До последней минуты он был уверен, что откроется дверь и он увидит – Иван Саввич за тридцать лет совершенно не изменился. Но это, конечно же, было не так. Нет, он еще не был глубоким стариком. Ясные глаза все так же, с хитринкой, смотрели на Родиона, и был он так же высок и худ, похож на сухое дерево, но голова совсем облысела и покрылась пятнышками, лицо избороздили морщины, а ходил он, опираясь на палку.
Они медленно шли по цветущему саду. Им было о чем поговорить. Иногда им встречались люди – одни здоровались, другие проходили, ничего не замечая, третьи о чем-то говорили сами с собой.
– Это невозможно, – сказал Иван Саввич.
– Вова ваш был невозможен. Я терпеть его не мог.
– Ах да, Вова.
– Он ушел.
– Да-да… Ведь ты его прогнал.
– Но я не сделал его трехмерным! – почти крикнул Родион.
И смутился. Со стороны он запросто сошел бы за очередного психа. Иван Саввич только улыбнулся.
– Когда я был маленьким, я тоже любил рисовать.
– Чего?!
– Я и сейчас люблю.
– Ну, разумеется! Как там дальше? Давай порисуем вместе.

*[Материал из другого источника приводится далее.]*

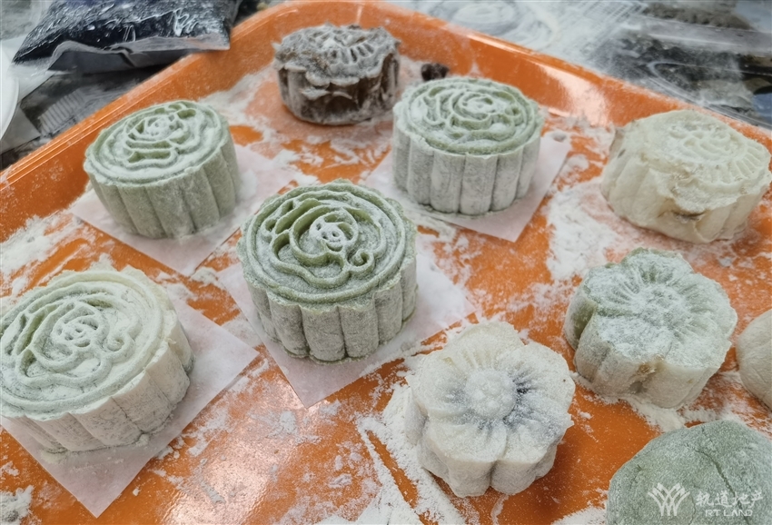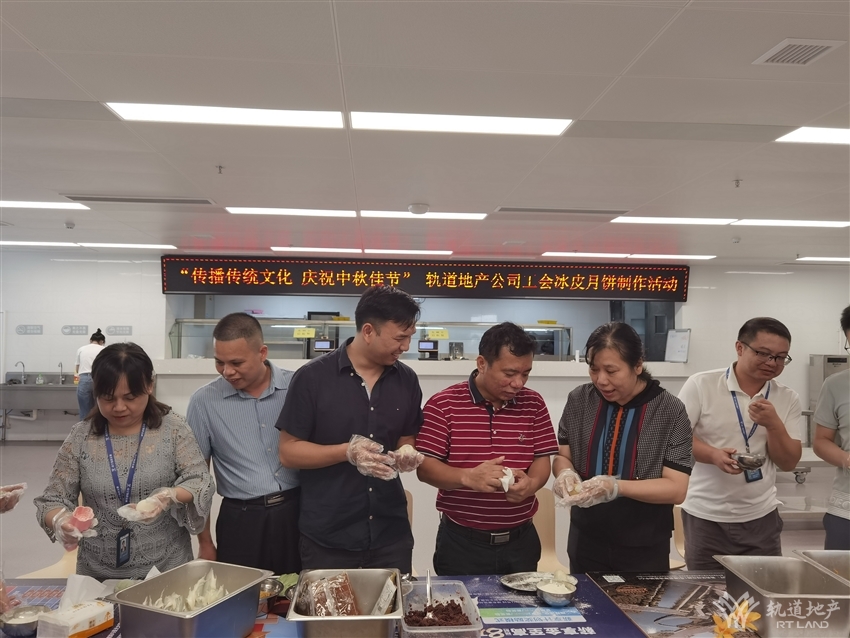 皎皎天上月,圓圓中秋節(jié)。在這個(gè)象征著團(tuán)圓與美好的節(jié)日,9月16日中午,公司工會(huì)邀請(qǐng)了面點(diǎn)師與員工們一起親手做月餅?;顒?dòng)現(xiàn)場(chǎng),已經(jīng)提前準(zhǔn)備好了餡料、面皮和工具,在老師的示范講解與指導(dǎo)下,大家迫不及待地戴上手套,開始分工制作,揉面、壓皮、包餡、收口、壓模,忙得不亦樂乎,現(xiàn)場(chǎng)一片歡聲笑語。經(jīng)過一番摸索和創(chuàng)作,一個(gè)個(gè)晶瑩剔透、造型精致的冰皮月餅就新鮮誕生了,清爽的抹茶餡、營養(yǎng)的芝麻餡、軟糯的豆沙餡、香醇的巧克力餡,一口下去吃貨們的滿足感溢于言表。

– Нет. Этот номер не сработает. Тогда я думал – ты научишься всему, наиграешься, а потом… живые люди ведь интереснее нарисованных. Забудешь. Все забывают – рано или поздно. А потом они живут отдельно, а создатель отдельно. Никто никому не мешает. Но я тебя недооценил. Я все наблюдал за тобой, даже когда ты подрос. Ты знал?
Девочка с желудевыми глазами…
– Знал.
– Ты создаешь свой мир таким, что в него веришь не только ты сам, но и другие люди. Чем сильнее вера – тем прекраснее мир.
В другое время Родиону было бы даже приятно поболтать со стариком о высоких материях, но сейчас его терзало другое.
– Наш ребенок…
– Ты его не вытащишь.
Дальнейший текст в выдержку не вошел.